◆ Provided entries
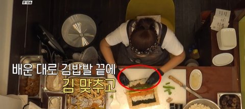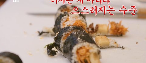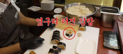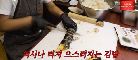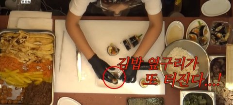 김밥 잘 싸다가 갑자기 옆구리가 터지기 시작함
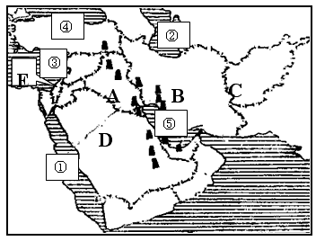 | 1、字母A、B代表哪两个国家? A、伊拉克;伊朗 B、伊朗;沙特阿拉伯 C、伊拉克;沙特阿拉伯 D、阿富汗;伊朗 |
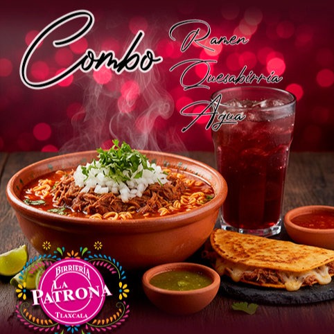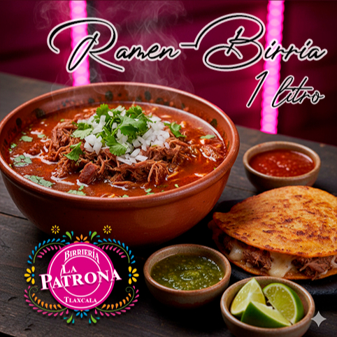 Riquísima fusión del ramen y Birria (no maruchan, lo cual contribuye a conservar el delicioso sabor de la birria y el ramen), incluye limón, cilantro, cebolla, salsa y de obsequio, una deliciosa quesadilla de mozarela.
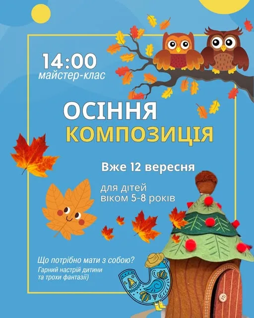 Запрошують маленьких митців віком 5–8 років на майстер-клас «Осіння композиція»!
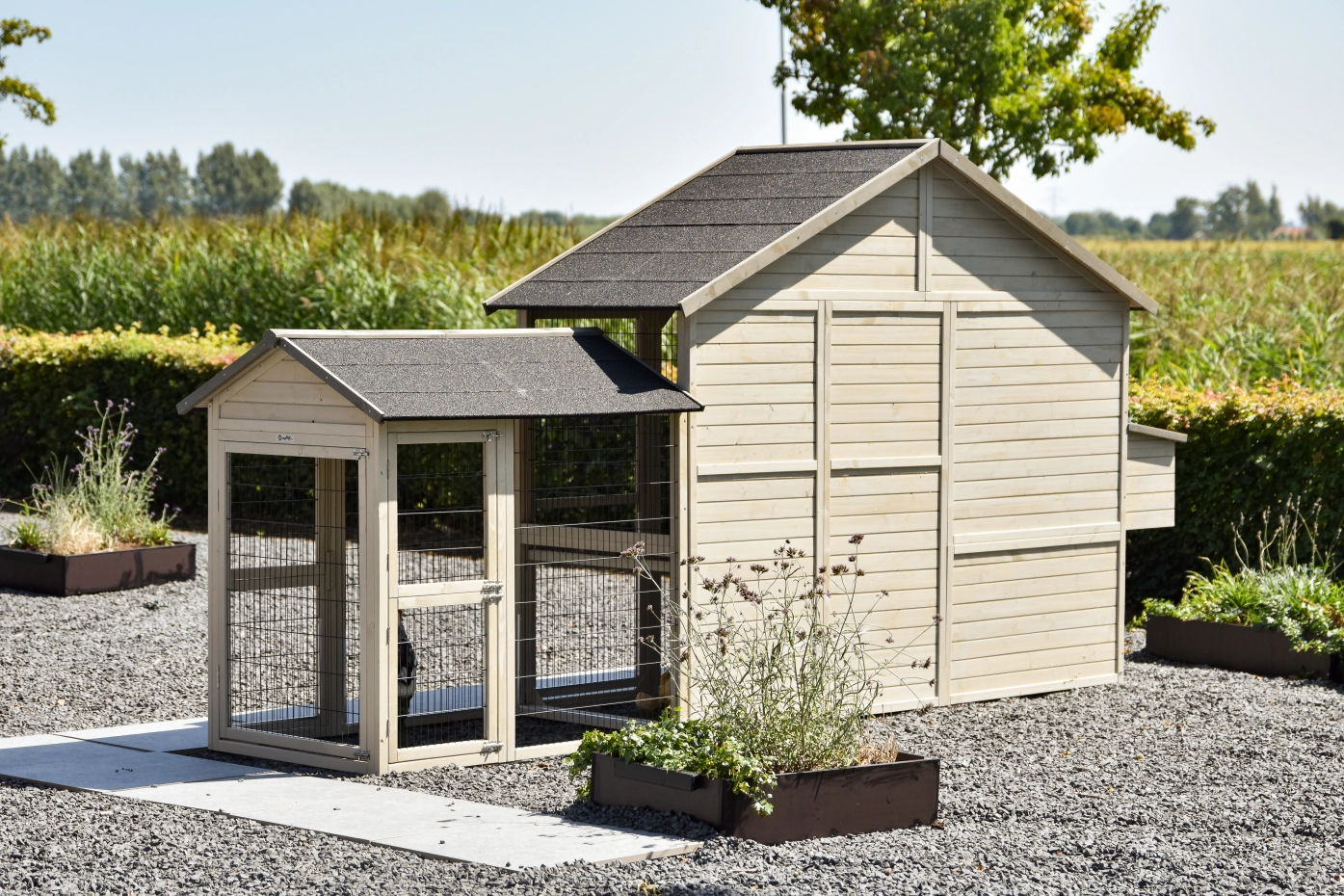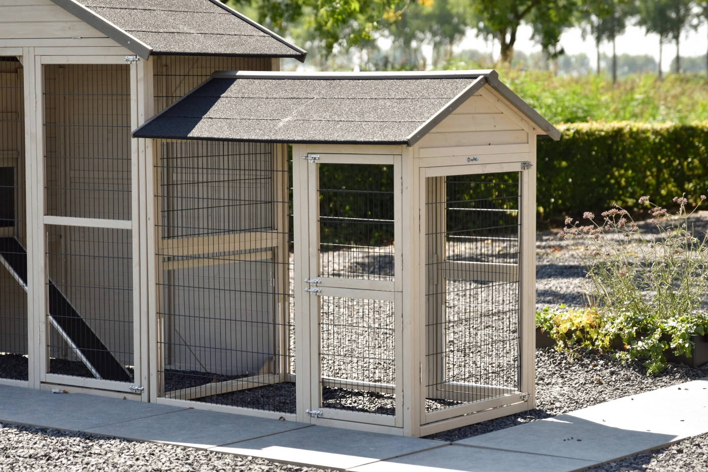 - Pour combiner enclos et poulailler, un panneau de treillis et / ou une porte doit être enlevé

◆ Your assignment
Reproduce, exactly and without pictures, the lines above from the one containing "C、伊拉克;沙特阿拉伯 D、阿富汗;伊朗 |" through the last line of the material, both ends included, and nothing more.

◆ Written response
 | 1、字母A、B代表哪两个国家? A、伊拉克;伊朗 B、伊朗;沙特阿拉伯 C、伊拉克;沙特阿拉伯 D、阿富汗;伊朗 |
 Riquísima fusión del ramen y Birria (no maruchan, lo cual contribuye a conservar el delicioso sabor de la birria y el ramen), incluye limón, cilantro, cebolla, salsa y de obsequio, una deliciosa quesadilla de mozarela.
 Запрошують маленьких митців віком 5–8 років на майстер-клас «Осіння композиція»!
 - Pour combiner enclos et poulailler, un panneau de treillis et / ou une porte doit être enlevé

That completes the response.